Nerve cells can vary widely in their specific structure, but each contains a soma, a spherical cell body with a nucleus within; a single axon, which protrudes from the cell body like a tail and which can be more than 1 meter (3 feet) or only 1 micrometer (0.00003937 inch) in length; and any number of dendrites, which branch from either end of the neuron and attach either to an adjacent neuron or to the bodily tissue they innervate. An afferent neuron features a soma, a short axon, and a single long dendrite. The axon carries the electrical impulse away from the cell body and therefore points toward the central nervous system.
This electrical signal travels only a short distance from the soma before reaching the endpoint of the axon, known as the axon terminal, where it crosses the gap between adjacent neurons known as the synapse. On the other side of the synapse is the receiving dendrite of the next afferent neuron. While the dendrites of many of the body’s nerve cells resemble tree branches and conduct impulses through a network of similar cells instead of a unidirectional chain, the dendrite of the afferent neuron simply receives its signal and passes it through the soma and along the axon to the next cell. It does so very rapidly due to the presence of the myelin sheath, a mostly fatty layer that surrounds the dendrite like the rubber casing around an electrical cord, increasing the conductivity of the fiber.
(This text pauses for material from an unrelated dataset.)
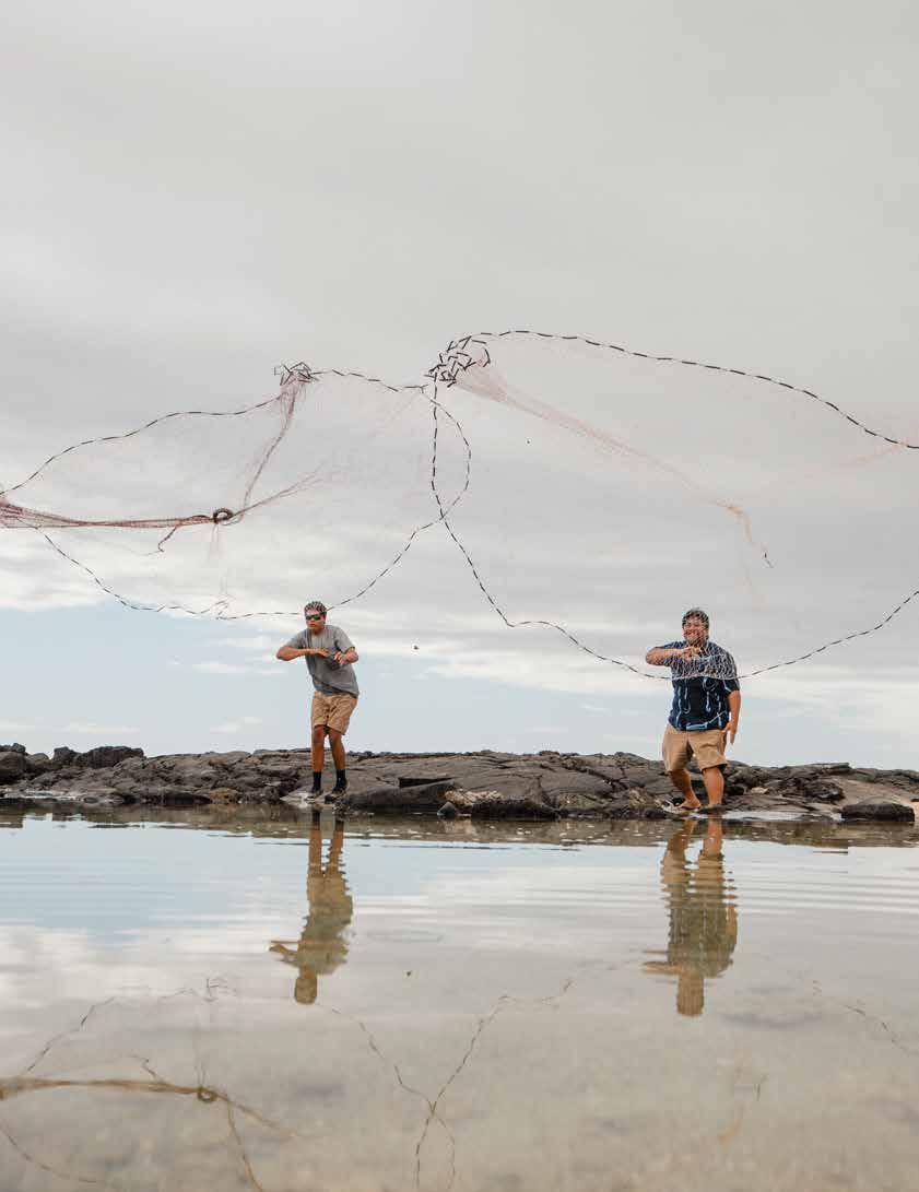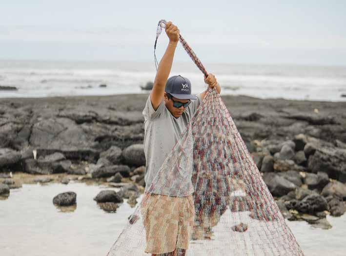 “The net is like our escape and quiet time for us,” says Apo. Born and raised in Kailua-Kona, Apo has seen the town evolve into a bustling city on the Big Island’s west side.

Such a system of signal transmission allows information like whether a stove is hot or whether a muscle has been stretched to its limit to reach the central nervous system. Similar to the circulatory system in which blood cycles through the heart and lungs, out to the body, and back, this system of afferent and efferent nerves operates in a closed loop. In other words, a nerve impulse transmitting information about water temperature travels from sensory receptors in the fingertips, for instance, along an afferent neuron pathway up the hand and arm. Once the afferent nerve reaches the spinal cord near the base of the neck, it cycles through a network of interneurons that carry it to the relevant control center in the central nervous system. A response is quickly coordinated and sent out via similar efferent pathways to the muscles of the arm and torso responsible for snatching the hand back if the water is too hot.